CVE-2021-37129

Name of the Vulnerable Software and Affected Versions Huawei IPS Module versions V500R005C00 through V500R005C20 Huawei NGFW Module version V500R005C00 Huawei NIP6600 versions V500R005C00 through V500R005C20 Huawei S12700 versions V200R010C00SPC600 through V200R020C10 Huawei S1700 versions V200R010C00SPC600 through V200R011C10SPC600 Huawei S2700 versions V200R010C00SPC600 through V200R011C10SPC600 Huawei S5700 versions V200R010C00SPC600 through V200R019C00SPC500 Huawei S6700 versions V200R010C00SPC600 through V200R011C10SPC600 Huawei S7700 versions V200R010C00SPC600 through V200R011C10SPC600 Huawei S9700 versions V200R010C00SPC600 through V200R011C10SPC600 Huawei USG9500 versions V500R005C00 through V500R005C20

Description The issue is caused by a function of a module that does not properly verify the input parameter, leading to an out of bounds write vulnerability. Successful exploitation could cause an out of bounds write, resulting in a denial of service condition. This can be achieved by sending specially crafted NETCONF packets to the device.

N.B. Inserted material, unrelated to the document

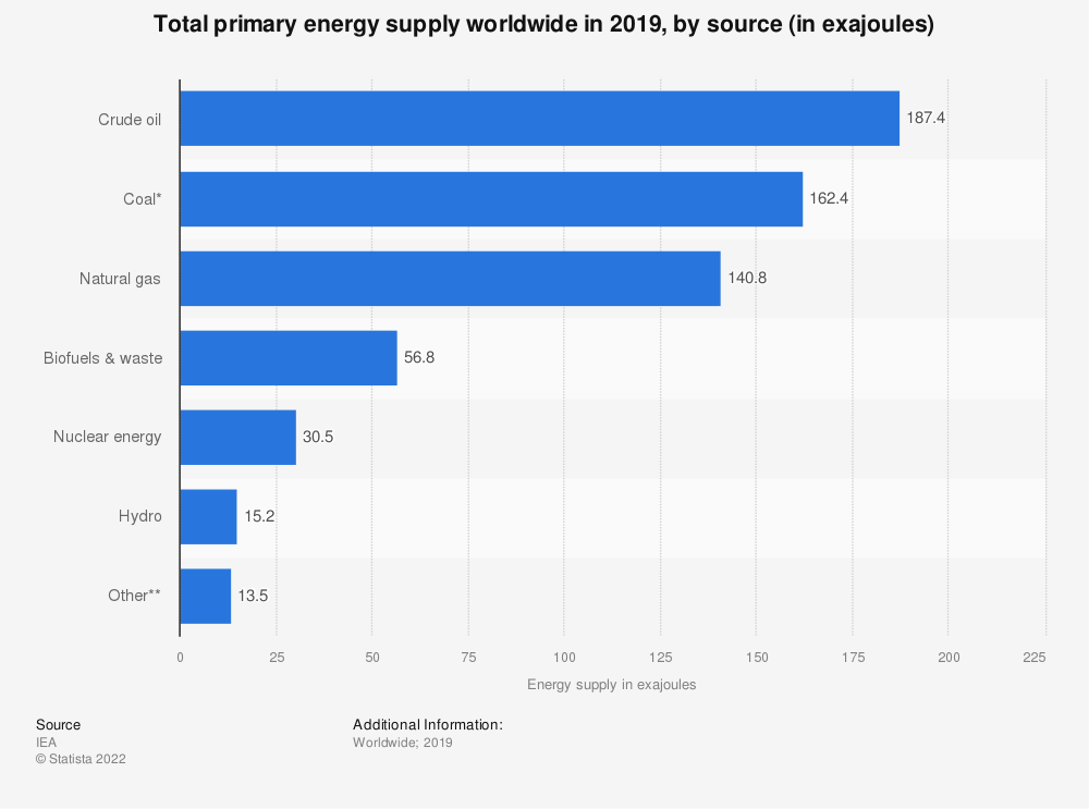 原油是供应最多的一次能源。每年生产和销售约187.4艾焦耳。石油是汽油和柴油等汽车燃料的主要原料,也是塑料和药品等石化产品的基本成分。全球原油储量约为1.7万亿桶。煤炭是第二大消耗的一次能源燃料。煤炭消费在很大程度上是由电力需求驱动的,因为它仍然是全球发电的主要来源。尽管这一数字自1965年以来下降了约10%,但化石燃料在能源消费中的份额仍保持在83%以上。

Recommendations For Huawei IPS Module versions V500R005C00 through V500R005C20, update to a fixed version. For Huawei NGFW Module version V500R005C00, update to a fixed version. For Huawei NIP6600 versions V500R005C00 through V500R005C20, update to a fixed version. For Huawei S12700 versions V200R010C00SPC600 through V200R020C10, update to a fixed version. For Huawei S1700 versions V200R010C00SPC600 through V200R011C10SPC600, update to a fixed version. For Huawei S2700 versions V200R010C00SPC600 through V200R011C10SPC600, update to a fixed version. For Huawei S5700 versions V200R010C00SPC600 through V200R019C00SPC500, update to a fixed version. For Huawei S6700 versions V200R010C00SPC600 through V200R011C10SPC600, update to a fixed version. For Huawei S7700 versions V200R010C00SPC600 through V200R011C10SPC600, update to a fixed version. For Huawei S9700 versions V200R010C00SPC600 through V200R011C10SPC600, update to a fixed version. For Huawei USG9500 versions V500R005C00 through V500R005C20, update to a fixed version. As a temporary workaround, consider disabling the vulnerable module until a patch is available. Restrict access to the vulnerable function to minimize the risk of exploitation. Avoid using the input parameter in the affected module until the issue is resolved.